025 "To tylko pocałunek, nic więcej"

1.2K 45 11
                                    

Violetta's Pov



4 dni później

Dokładnie dzisiaj jest przedstawienie z okazji zakończenia pierwszego semestru. Z Leonem miałam jeszcze dwie próby, a z dziewczynami trzy. Sama również przygotowałam i dopracowałam piosenkę na solówkę.

Teraz występują chłopaki, a następnie wchodzę ja z dziewczynami. W ciągu tych czterech dni również dopracowaliśmy to, gdzie chcielibyśmy pojechać na kilka dni ferii. Zdecydowaliśmy, że nie pojedziemy na kilka dni, a na tydzień. W celu lepszego zwiedzenia świata wybieramy się do Miami, a pokoje w hotelu Ludmiła zarezerwowała. Jedziemy całą grupą, a mało nas nie jest. Na szczęście hotel, który wybrała blondynka był mało zarezerwowany i bez problemu zarezerwowała nam pokoje. Ustaliliśmy, że dziewczyny mają razem pokój, a chłopaki razem.

Wspomnę jeszcze o tym, że powoli zaczyna być widoczna zmiana u Leona. Kompletnie inaczej się zachowuje, inaczej ze mną rozmawia.. i jest po prostu lepiej. Jesteśmy przyjaciółmi i chciałabym żeby tak zostało.

- Viola - do moich uszu dotarł głos Francescy - zaraz wchodzimy - spojrzałam na nią i przytaknęłam i ostatecznie poprawiłam włosy. Wstałam z krzesła i podążyłam za dziewczynami. Wzięłam mikrofon, który leżał na głośnikach, a kiedy chłopaki zeszli drugim zejściem, my weszliśmy na scenę.

-  Aunque pierdas todo y té cause dolor... - zaczęłam śpiewać.

***

Występ już powoli dobiega końca, została przedostatnia piosenka i ostatnia. Przedostatnią śpiewam ja i Leon. Najgorsze lub najlepsze jest w tym to, że na koniec mamy się pocałować. Pablo ustalił to po przeczytaniu tekstu. Nie ćwiczyliśmy tego, a nawet żadne z nas o tym nie wspominało. Ja nie chciałam, a on.. nie wiem. Po prostu nie chcę niszczyć nawet tym naszej przyjaźni, bo kto wie w co to mogłoby się potem zamienić.

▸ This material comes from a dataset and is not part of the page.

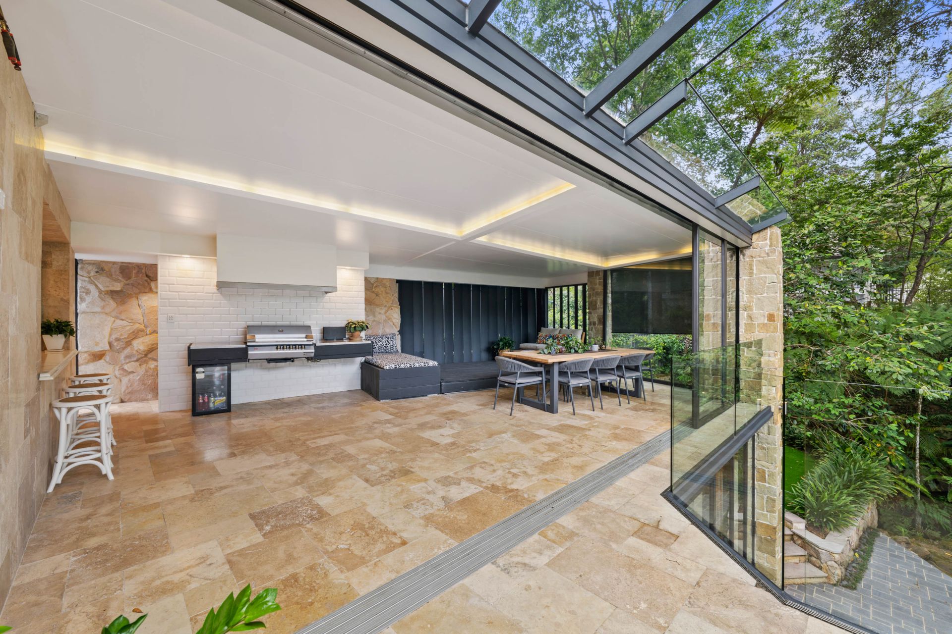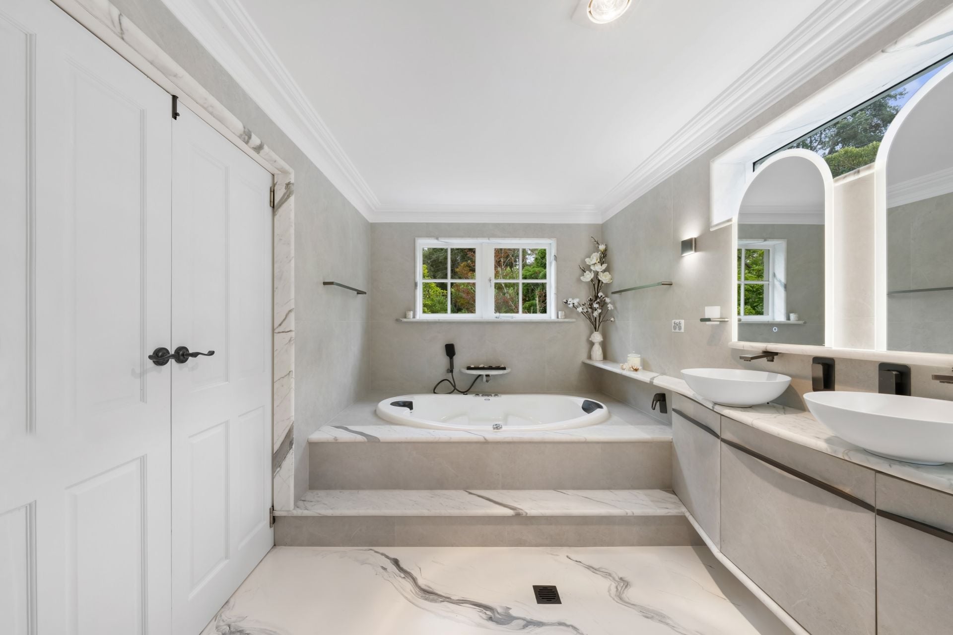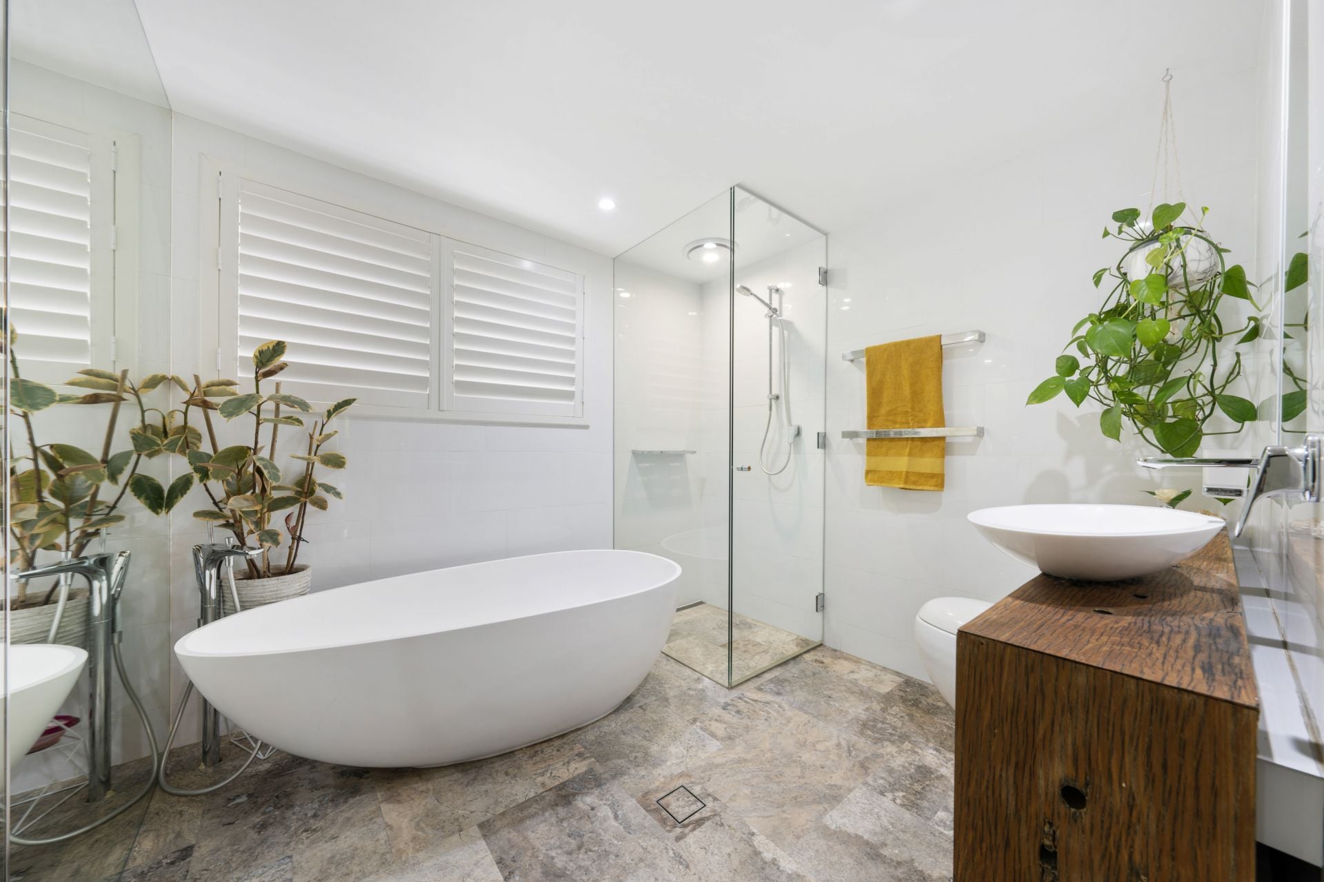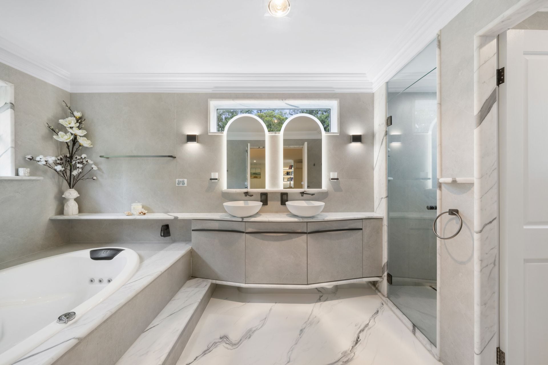 • Grey limestone tiled bathroom with premium finishes and aged ironbark features. Led strip lighting creating ambience in ceilings and features.

Weszłam na scenę i szybko przebiegłam na drugi koniec póki światła jeszcze są zgaszone. Po chwili światła się zaświeciły, a na scenę wszedł Leon.

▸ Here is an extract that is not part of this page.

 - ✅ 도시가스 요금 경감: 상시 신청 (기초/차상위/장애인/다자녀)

- No me digas lo que piensas,creo que lo sé.. - zaczął śpiewać.

***

- Desde que te vi, desde que te vi - przybliżył się do mnie, a następnie ujął moją twarz w swoje dłonie i pocałował. W tym momencie czas i świat się zatrzymał i liczyło się tylko tu i teraz. Ostatni raz jego usta na swoich czułam siedem miesięcy temu. W tamtej chwili przypomniały mi się nasze wszystkie wspólne imprezy, moja osiemnastka i jego. Wszystko było idealne.

Ocknęłam się w momencie kiedy się ode mnie odsunął, a moje policzki owiało zimno. Uśmiechnęłam się kiedy zostaliśmy nagrodzeni głośnymi oklaskami. Zeszliśmy szybko ze sceny, a ja pobiegłam zmienić sukienkę. Wciąż czułam jakby jego usta były na moich. Ciągle uśmiechałam się delikatnie.

- Violu, jesteś tam?

- Tak, tak - odparłam i wyszłam z 'przebieralni'. W drodze do reszty grupy zostałam pociągnięta za ramię i kiedy już chciałam krzyczeć ujrzałam twarz Ludmiły. Wypuściłam powietrze z płuc ze świstem.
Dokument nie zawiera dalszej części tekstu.